95 percent corruption
The problem of Kuwait roads and its ‘flying gravel,’ which cost me personally hundreds of dinars so far, is five percent problem and 95 percent corruption. The Ministry of Public Works announced that it plans to spend $10 billion to renovate the second and third ring roads, as well as some other roads whose fate will be the same as our current roads as far as corruption in building and negligence in maintenance is concerned. Spending nearly $10 billion on roads in a country that is suffering from reduction in income is a crime against the country.
Building a road and maintaining it are not a new issue for Kuwait, which knew road projects since the 1940s. The current bad conditions of roads have nothing to do with the nature of the material used and there is evidence of this. There are roads, even if they are few, that are still in good condition although many years have gone by since their construction, when consciousness at the public works ministry was more alive compared with the condition of the rest of our roads which became bad, although it has not been long since they were constructed. So how did this happen?
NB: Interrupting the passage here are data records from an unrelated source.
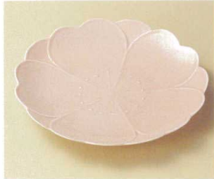
20802-739 さくらさくら桃釉おもてなし皿(有田焼) 7,000円 1入 (25×3.5cm)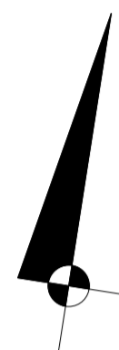
LOKALIZACJA LOKALU NA RZUCIE I PIĘTRA skala 1:500

POWIERZCHNIA WEWNĘTRZNA: 60,2 (w świetle wykończonych elementów konstrukcji) Powierzchnia dodatkowa: - balkon 13,5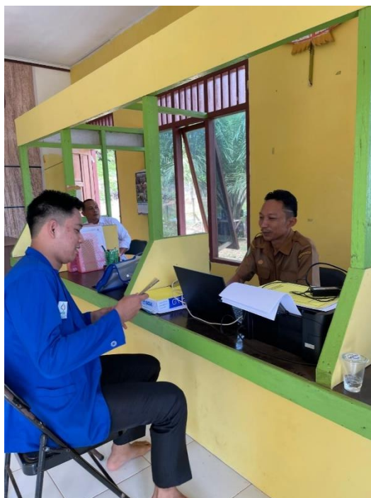
Kaur Keuangan Desa Karya Bersama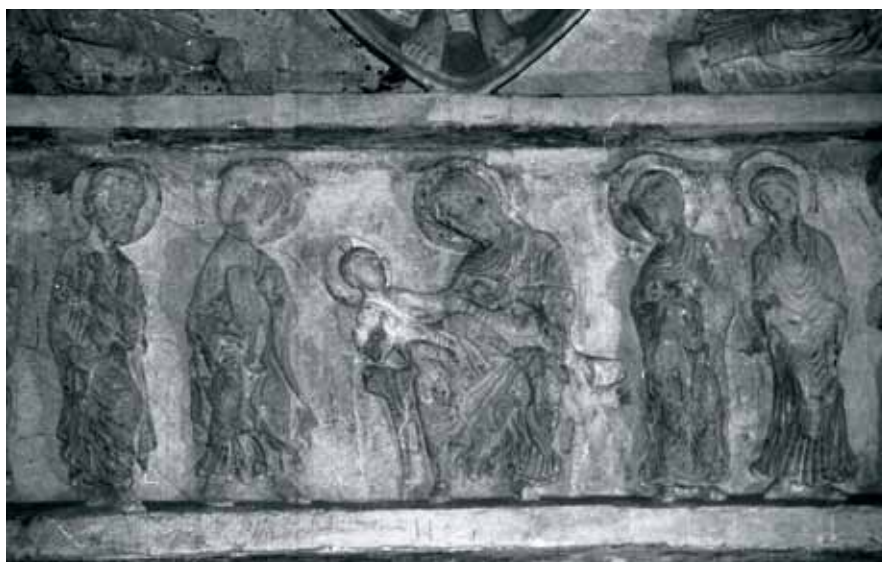
Fig. 11 - Anzy-le-Duc : tympan d'Arcy (conservé au musée du Hiéron, Paray-le-Monial) – Allaitement de la Vierge, détail de la Vierge allaitant (cliché M. Guénot).

Le programme iconographique s'étend alors à tout le prieré. À l'instar des plus grands ensembles, il est possible d'envisager les portails d'Anzy-le-Duc sous deux aspects : soit ils peuvent être lus de manière indépendante, soit ils s'inscrivent dans un programme iconographique de plus vaste ampleur, s'étendant à tout un ensemble architectural.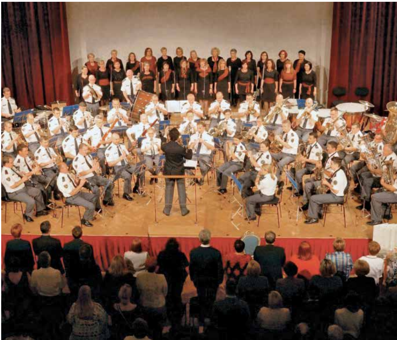
Slovesnost ob 70-letnici društva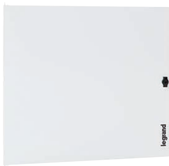
3 372 64

The reason is that the former were subjected to strict supervision and were void of “buttering up” while their material was being prepared and paved. The latter received what other state projects have received in the form of “corruption”. I still remember that the roads of Kuwait Oil Company in Ahmadi before the arrival of some ‘paisa (old Indian currency) swallowers’ to manage it, were very beautiful.
An expat friend said the quality of roads in the past were the result of joint work supported by research and accumulated experiences, and strict implementation of ingredients, manufacturing and execution by specialists in various fields of making asphalt roads. He said even the contractors’ tools and vehicles were subjected to testing, as far as number and usability are concerned, before signing the contract with him, and this is what is not being done currently.
The process of constructing roads is a highly complicated process as far as raw materials, specifications, manufacturing and paving are concerned. The Ministry of Public Works (MPW) in the 1970s, during the time of late Humoud Al-Nisf established the ‘Roads Research Center’ and it had a major role in ensuring quality, which has now disappeared along with the center.
In a laughable irony, Kuwait’s Ambassador in Vienna presented $100,000 in support of “corruption fighting” activities. If he had paid such an amount to a clean personality and experienced engineer Ali Al-Abdullah, the person formerly responsible for roads at MPW, to supervise roads construction work, starting from the source of raw material and all the steps they go through and ending the process of paving, we would have saved millions and would have gotten much better roads.